И он ушел спать. Я пошел купаться. Ночь. Большие ветки. Тишина. Луна в пруду круглая, не колыхнется. Вода страшная, тайная. Вот ведь водяного он напишет, а я нет. Да, он художник, а, я нет. «Продается» – чепуха. Я «умен» – черт его знает… Жокей, а хороший он. Он правду говорил. Он мне нравится, и потом это так верно, так интересно, черт его дери, замечательный этот Врубель.

Я долго не спал.

Утром Врубель начал писать с фотографической карточки покойного сына хозяев дома, где мы гостили. Он взял у меня краски: желтую, черную, зеленую и киноварь. После обеда позвал меня смотреть портрет. Пошли все. Военный дядя стоит, горячится и говорит: «Не кончено еще, не кончено!» Так [он] махал руками и говорил «не кончено», вроде испугавшись чего-то.

Врубель написал желтой охрой с зеленой (ярким центром губы киноварью) византийскую форму, как тон икон, с обведенными кругами подобно новгородским ликам Христа. Было красиво и особенно. Мальчик был похож, но жутковато смотрел белыми зрачками.

– Как интересно, – сказал Михаил Александрович.

Все молчали, потом пошли на террасу пить чай. Дядя говорил:

– Не кончено еще, а вот Маковский, тот – раз и готово.

Хозяйка сказала мне:

– Скажите вы Михаилу Александровичу, я ему все говорю – ведь у Коли были голубые глаза, а он делает белые.

– Потом, матушка, он сделает голубые: еще не кончено, – говорит дядя, искренне желающий, чтобы все было по-хорошему.

По всему было видно, что портрет Михаила Александровича взволновал весь дом. Стало тише, невесело, перестали рассказывать анекдоты, слушая которые от души смеялся Михаил Александрович и даже сам рассказывал анекдот, что к нему совершенно не шло, и рассказывал невозможно плохо.

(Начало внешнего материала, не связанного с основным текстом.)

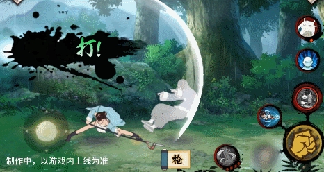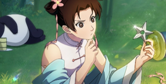 释放奥义后,峨眉天天展开卷轴,伴随着一阵烟雾,伙伴熊猫与珍藏的兵器出现,峨眉天天和熊猫配合,将兵器逐个射向对手,最后一起上前挥动拳头将对手打飞。奥义结束后可接技能。
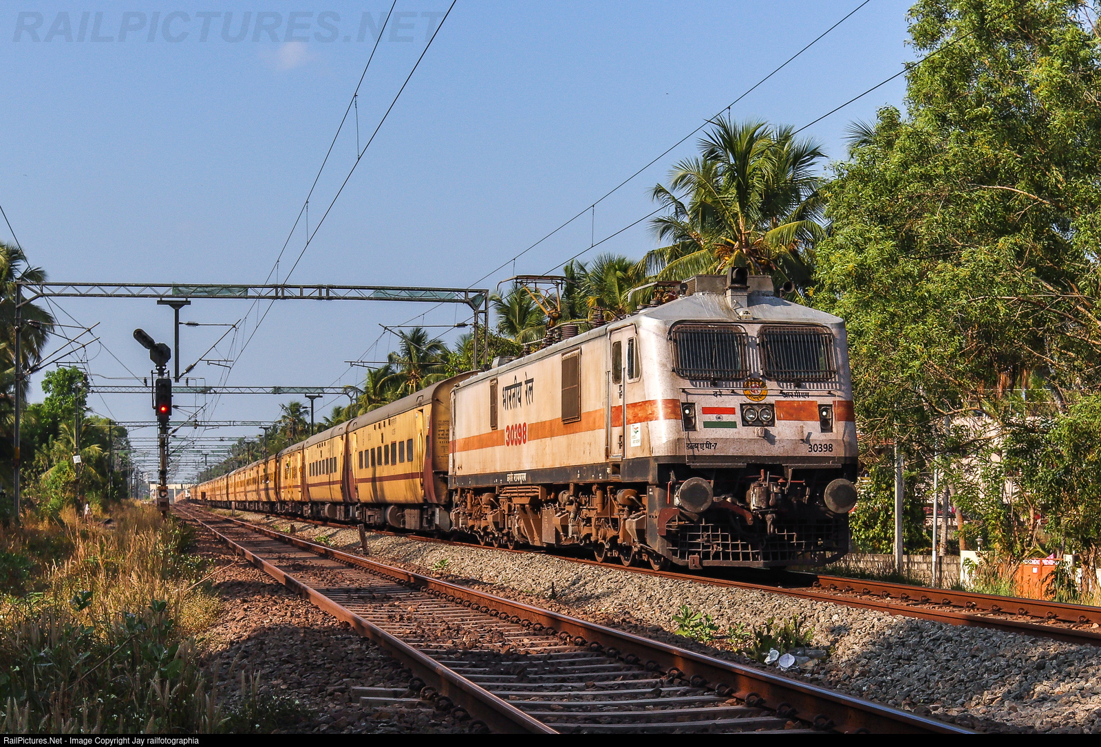 As shadows grow longer and sunset starts, ANANTAPURI Express powered by ROYAPURAM WAP-7 passes through Kazhakootam area
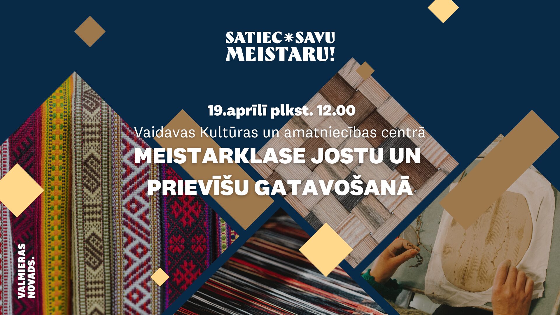 19. aprīlī plkst. 12.00 Vaidavas Kultūras un amatniecības centrā aicinām uz meistarklasi jostu un prievīšu aušanā
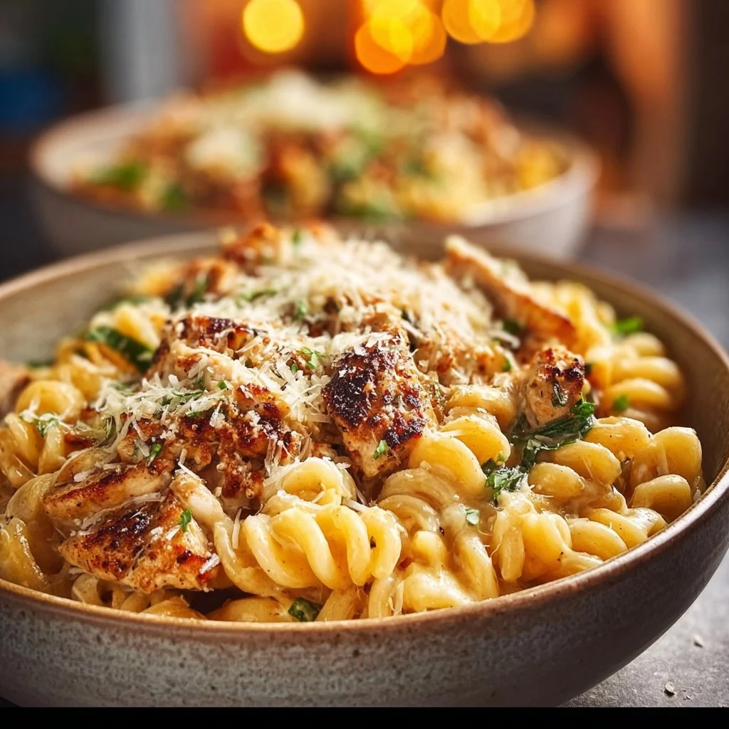 A creamy pasta dish packed with protein, combining tender penne or rigatoni with grilled chicken and a luscious garlic parmesan sauce.
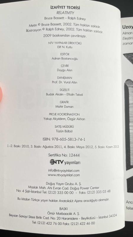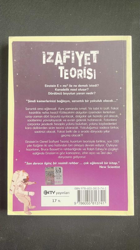 İzafiyet Teorisi: Einstein'in En Önemli Keşfi İçin Çizgibilim - Bruce Bassett, Ralph Edney - NTV Yayınları, Bruce Bassett, Ralph Edney tarafından kaleme alınmıştır. Eser Adnan Bostancıoğlu editörlüğünde hazırlanmıştır. Kitap 2013 yılında NTV Yayınları tarafından [İstanbul] 9786055813741 ISBN kodu ile yayınlanmıştır. Satışta olan kitap, yayınevinin 5. baskısıdır. Bu baskının çevirisi Duygu Akın tarafından yapılmıştır. 176 sayfadır. Sayfa bilgisi Kuşe Kağıt olarak belirtilmiştir. İzafiyet Teorisi: Einstein'in En Önemli Keşfi İçin Çizgibilim - Bruce Bassett, Ralph Edney - NTV Yayınları adlı eser Türkçe dilindedir.
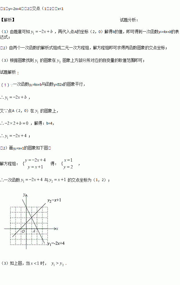 已知一次函数y1=kx+b与函数y=﹣2x的图象平行,且与x轴的交点A的横坐标为2.
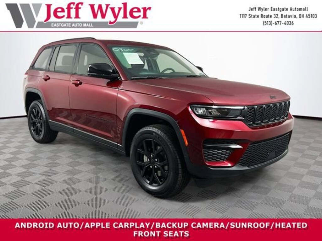 Jeff Wyler Eastgate Auto Mall is proud to offer this beautiful 2025 Jeep Grand Cherokee Altitude X in Velvet Red Pearlcoat. Well equipped with: ABS brakes, Alloy wheels, Compass, Electronic Stability Control, Emergency communication system, Front dual zone A/C, Heated door mirrors, Illuminated entry, Low tire pressure warning, ParkView Rear Back-Up Camera, Remote keyless entry, Traction control, 4-Wheel Disc Brakes, 6 Speakers, Air Conditioning, AM/FM radio: SiriusXM, Anti-whiplash front head restraints, Automatic temperature control, Brake assist, Bumpers: body-color, Cloth Seats, Delay-off headlights, Driver door bin, Driver vanity mirror, Dual front impact airbags, Dual front side impact airbags, Four wheel independent suspension, Front anti-roll bar, Front Bucket Seats, Front Center Armrest w/Storage, Front reading lights, Fully automatic headlights, Knee airbag, Normal Duty Suspension, Occupant sensing airbag, Outside temperature display, Overhead airbag, Overhead console, Panic alarm, Passenger door bin, Passenger vanity mirror, Power door mirrors, Power driver seat, Power steering, Power windows, Radio data system, Radio: Uconnect 5 with 8.4 Display, Rear anti-roll bar, Rear reading lights, Rear window defroster, Rear window wiper, Security system, Speed control, Speed-Sensitive Wipers, Split folding rear seat, Spoiler, Steering wheel mounted audio controls, Tachometer, Telescoping steering wheel, Tilt steering wheel, Trip computer, Variably intermittent wipers, Voltmeter, and Wheels: 17 x 6.5 Fully Painted Aluminum. CARFAX One-Owner. Clean CARFAX. Ask about available certifications. Used vehicles 10 years of age or newer with less than 100,000 miles are eligible for the Wyler Assurance Program, but eligible vehicles must pass our reconditioning process and multi-point inspection. Provided the vehicle passes inspection, vehicles will be eligible for the 6 month/6,000 mile limited warranty. The 6 month/6,000 mile limited warranty is NOT available on AS-IS vehicles, wholesale vehicles, lease buyback/pass-thru vehicles or un-inspected vehicles. Note that this program can also apply to vehicles where the remaining factory coverage is less than 6 months or 6,000 miles. Please check the Federal Trade Commission (FTC) Buyers guide on the vehicle for full details as to whether or not warranty coverage may apply. Contact Dealer for additional details. The Wyler Assurance 6 month/6,000 Mile limited warranty ends 6 months from the date of the Retail Purchase Agreement (BUYERS ORDER) or when the vehicle's odometer registers 6,000 additional miles to the mileage listed on the BUYERS ORDER, whichever comes first. Your Deductible - The warranty holder on your contract pays the first $100 of each covered repair.
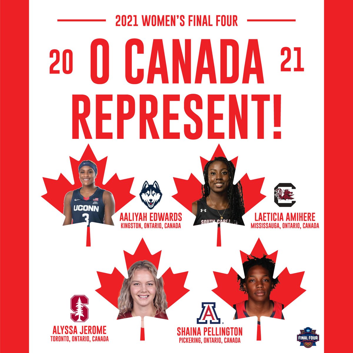 Each remaining #WFinalFour team has a player hailing from Canada
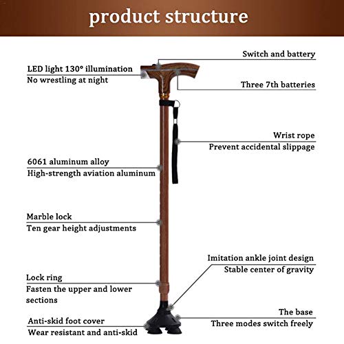 Materiale leggero, design con luce a LED: l'asta del bastone è realizzata in lega di alluminio, è molto leggera e il peso netto è di soli 0,48 kg. Il design con la luce a LED permette agli utenti di camminare quando è buio. Richiede batterie AAA a due sezioni. (Non incluse nel prodotto).
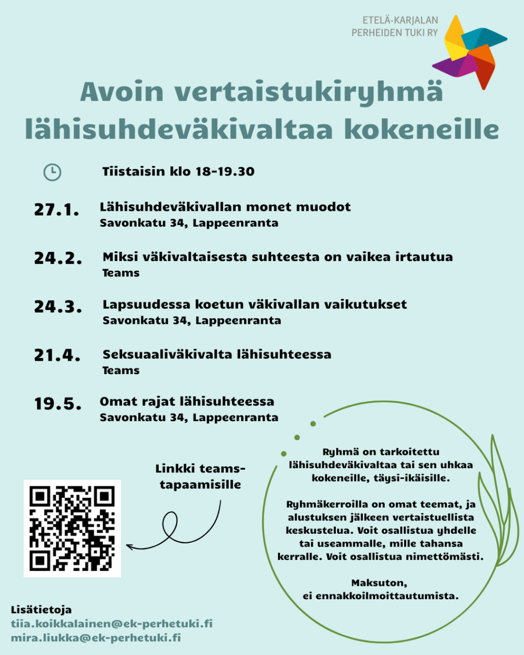 | 19.5 | Omat rajat lähisuhteessa | Savonkatu 34, Lappeenranta |
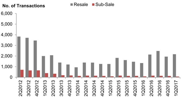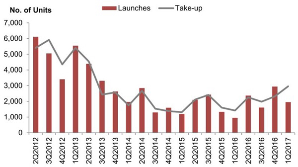 According to URA, as of the end of 1st quarter, there are 46,016 units (including ECs) in the supply pipeline and 18,870 units remain unsold. From now till end of 2017, there are 14,242 units waiting for TOP.
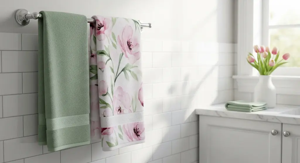 - Visual Cues: A three-tier stack on a towel bar using monochromatic shades or contrasting spring patterns.
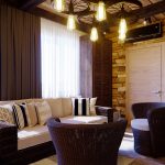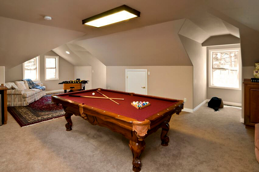 Chỉ nên trang trí trần nhà trong phòng giải trí nếu nó cao. Các chùm tia, lưới, đèn, được xây dựng thành các khu được thiết kế đặc biệt, làm cho phần trên của căn phòng trở nên biểu cảm, nhưng ở vị trí thấp, chúng "đè bẹp", "hạ cánh" căn phòng. Sự ấm cúng được tạo ra bởi ánh sáng lan tỏa dịu nhẹ.
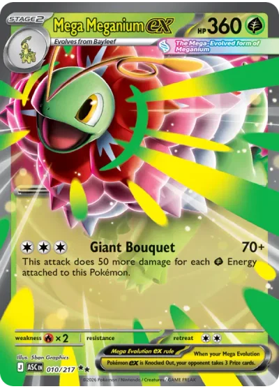 Mega Meganium ex #010 is a Double rare card from the Ascended Heroes expansion of the Pokémon Trading Card Game. It is part of the Mega Evolution series, making it one of the harder cards to pull from a booster pack.
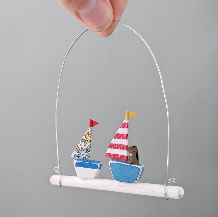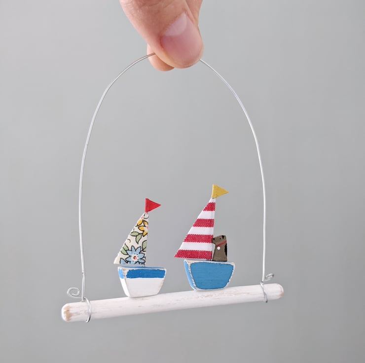 Salty the sea dog is going sailing in his new boat! A gorgeous colourful nautical decoration to hang up in your home.
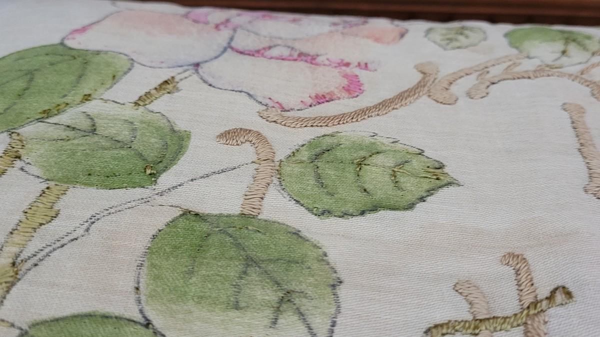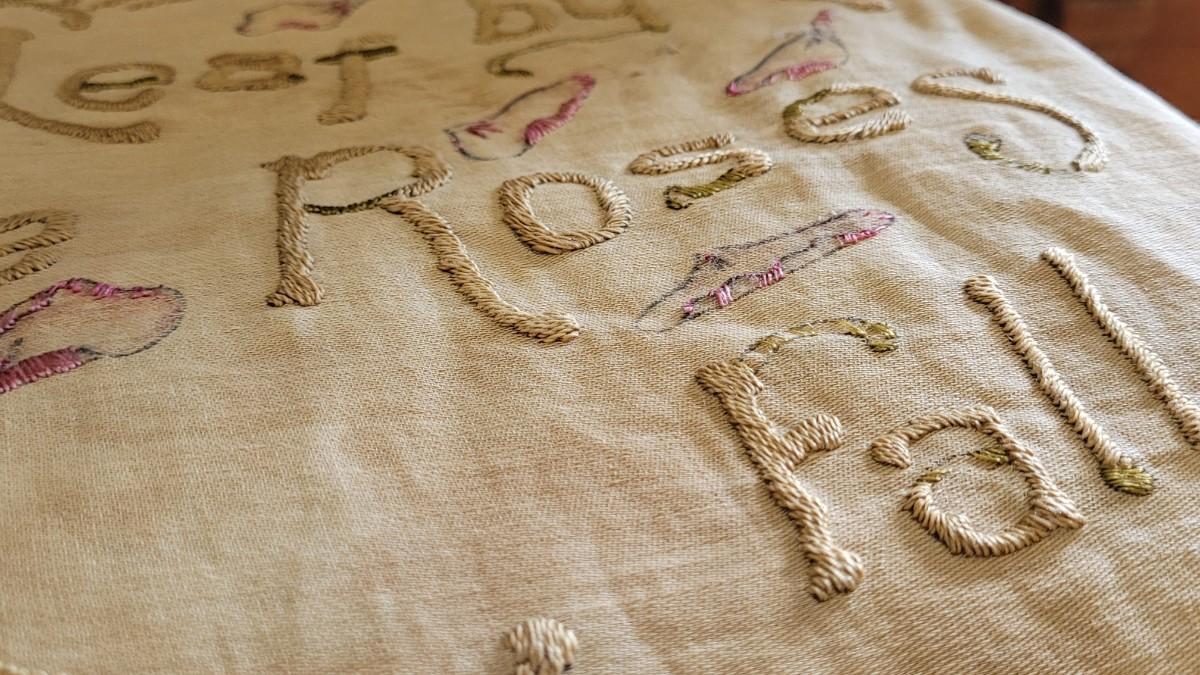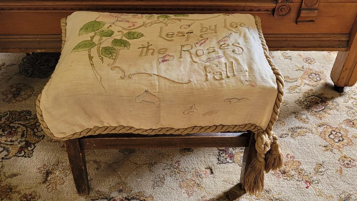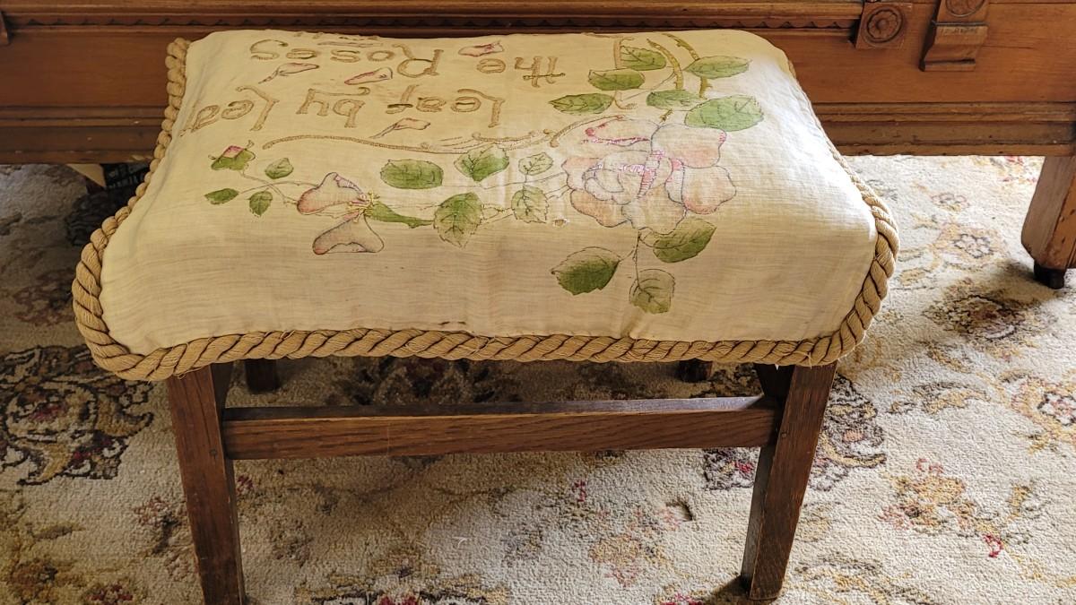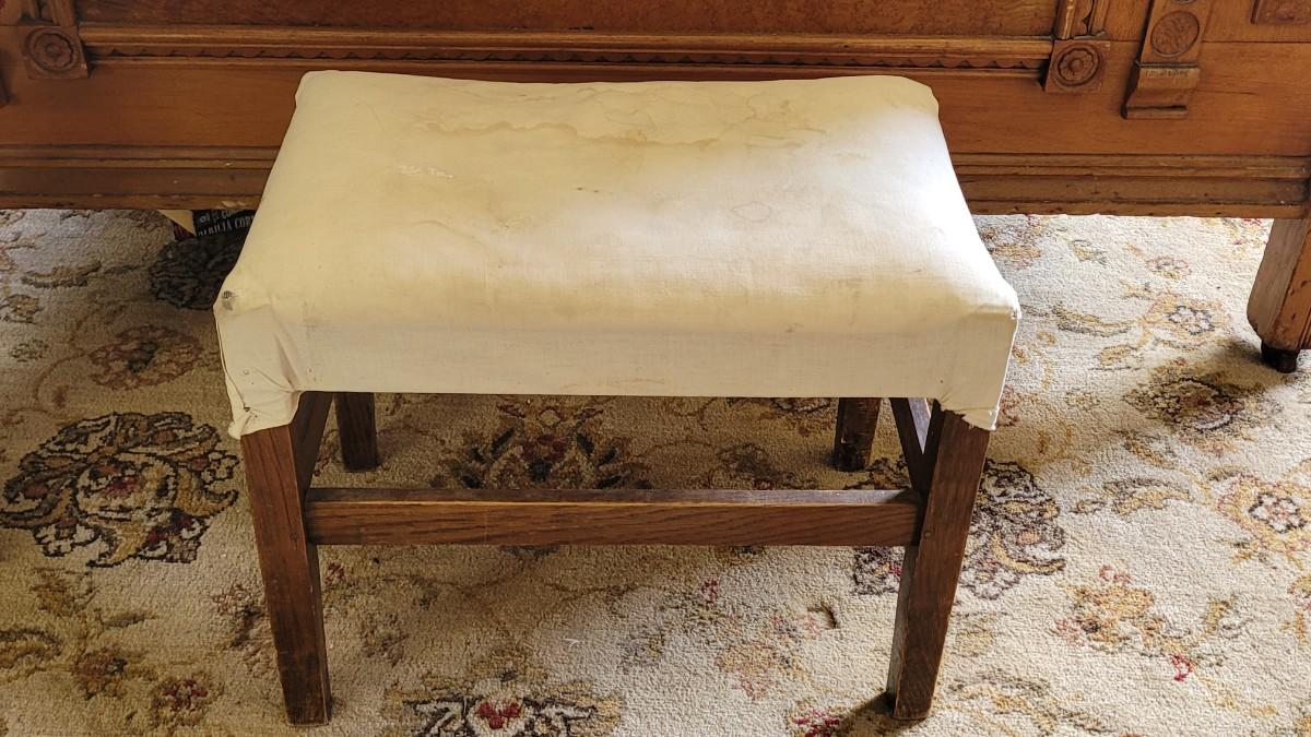 Lot 78: Antique/Vintage Stool with Antique Partial Hand Stitched Pillow Case Covering
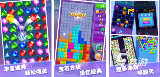 从玩法上来看和俄罗斯方块特别相似,只不过其中又融合了多种趣味十足的玩法,在每种玩法中都有具体的要求,比如选择了俄罗斯方块的玩法之后就会从上方掉落出不同形状的方块,通过合理放置的方式,将填满整行,不论是横行或者是竖行都可快速消除,从而获得相应的分数,收集大量宝石。
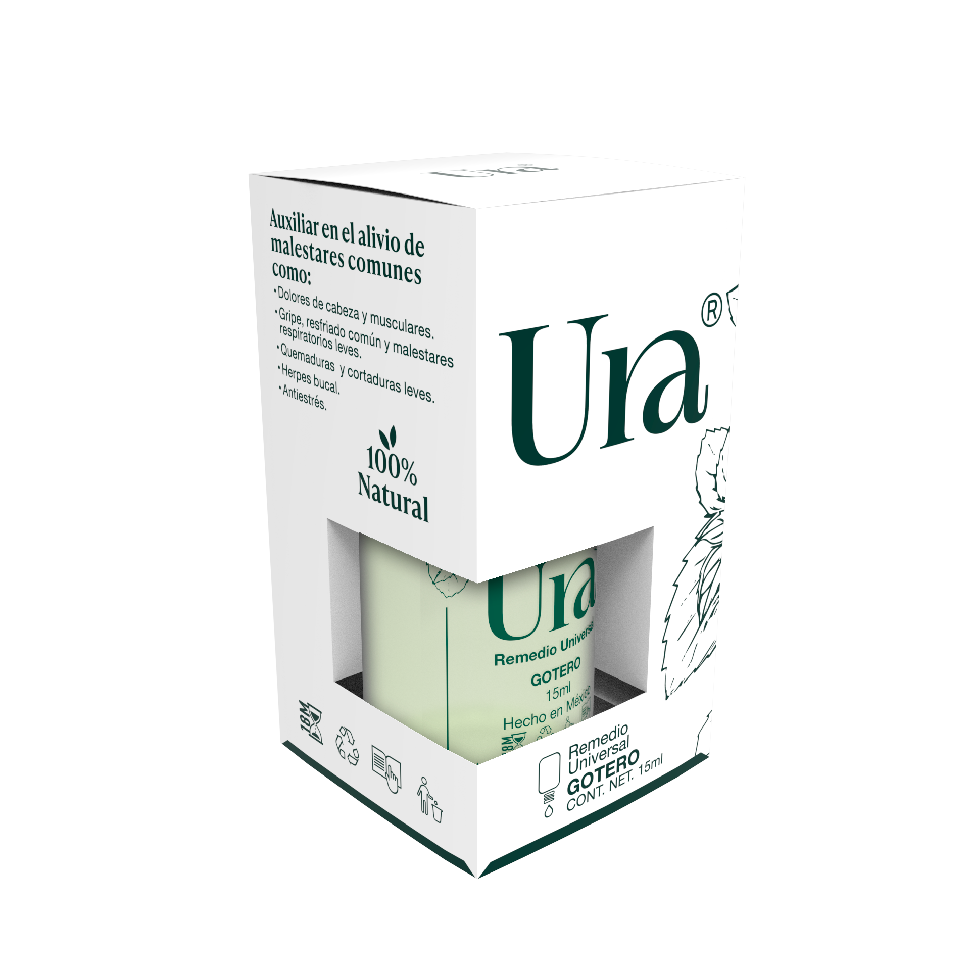 El formato de URA más versátil, permite la aplicación tópica en el área deseada, al igual que permite verter la solución en difusores, vaporizadores o tinas. Recomendado para malestares medios a intensos en mayores de 12 años. Controla su intensidad por la cantidad de gotas.

На другой день портрет был переписан. Лицо бело-голубое, в два раза больше натуры, глаза зеленые, зрачки черные. Он был весь мягкий, как вата, как облако. Дядя умолк. За обедом вздумали рассказать анекдот, ничего не вышло – мимо. А я смотрел на Михаила Александровича, на его английскую выправку и думал: «А замечательный ты человек» – и посмотрел ему прямо в глаза.

Вдруг Врубель сказал:

– Константин Алексеевич, выпьем с тобой на «ты».

Я принял с радостью предложение.

– Я Моцарт, – сказал мне на ухо Врубель, – а ты не Сальери, и то, что делал я, тебе нравится, я знаю.

На другой день дядя поймал меня в саду – я писал мотив, маленький этюд, – подошел ко мне и сел рядом. Я бросил писать, тоже сел на лавочку, которая была около. Дядя вздохнул.